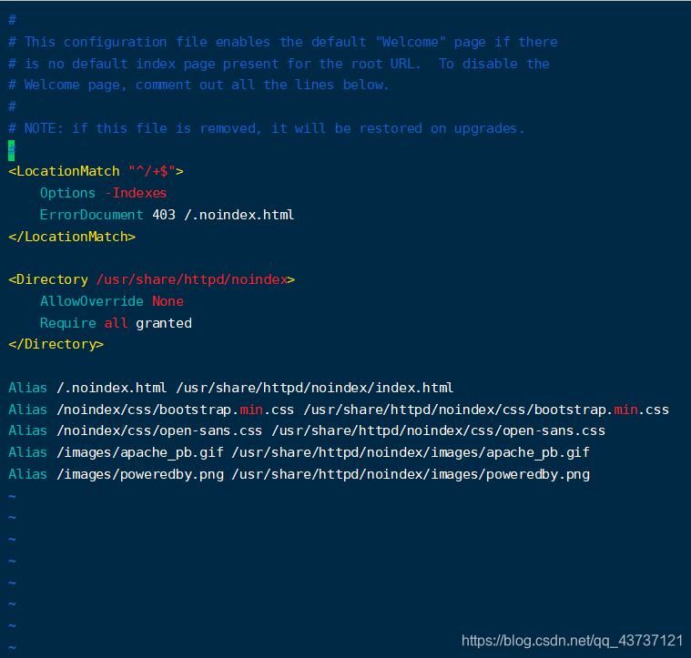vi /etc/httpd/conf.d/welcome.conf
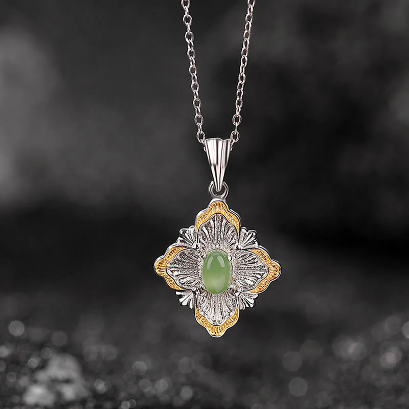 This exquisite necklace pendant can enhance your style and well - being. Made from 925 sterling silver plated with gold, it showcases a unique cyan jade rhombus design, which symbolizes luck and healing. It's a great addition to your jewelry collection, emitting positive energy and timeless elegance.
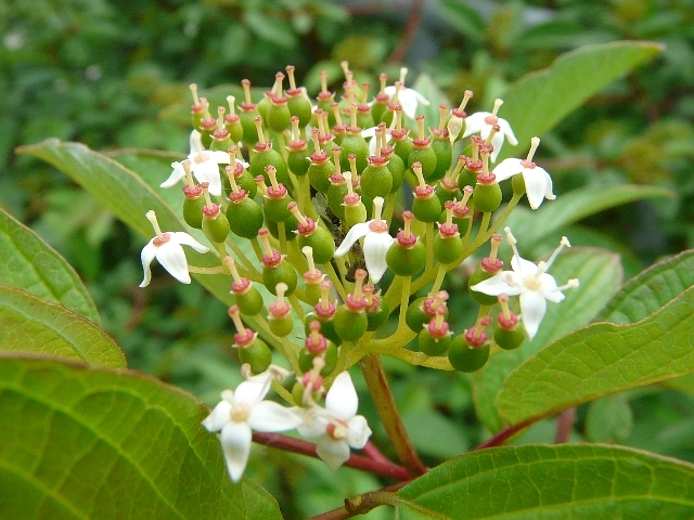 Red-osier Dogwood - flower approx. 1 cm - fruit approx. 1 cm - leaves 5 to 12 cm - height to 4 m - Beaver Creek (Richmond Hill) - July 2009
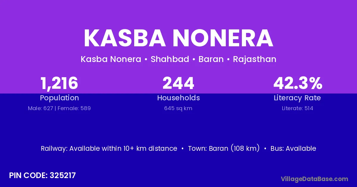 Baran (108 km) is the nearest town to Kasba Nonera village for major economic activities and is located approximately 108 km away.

----------------

◆ WHAT IS EXPECTED: Return all material verbatim, pictures omitted.

◆ WRITTEN REPLY:
vi /etc/httpd/conf.d/welcome.conf
 This exquisite necklace pendant can enhance your style and well - being. Made from 925 sterling silver plated with gold, it showcases a unique cyan jade rhombus design, which symbolizes luck and healing. It's a great addition to your jewelry collection, emitting positive energy and timeless elegance.
 Red-osier Dogwood - flower approx. 1 cm - fruit approx. 1 cm - leaves 5 to 12 cm - height to 4 m - Beaver Creek (Richmond Hill) - July 2009
 Baran (108 km) is the nearest town to Kasba Nonera village for major economic activities and is located approximately 108 km away.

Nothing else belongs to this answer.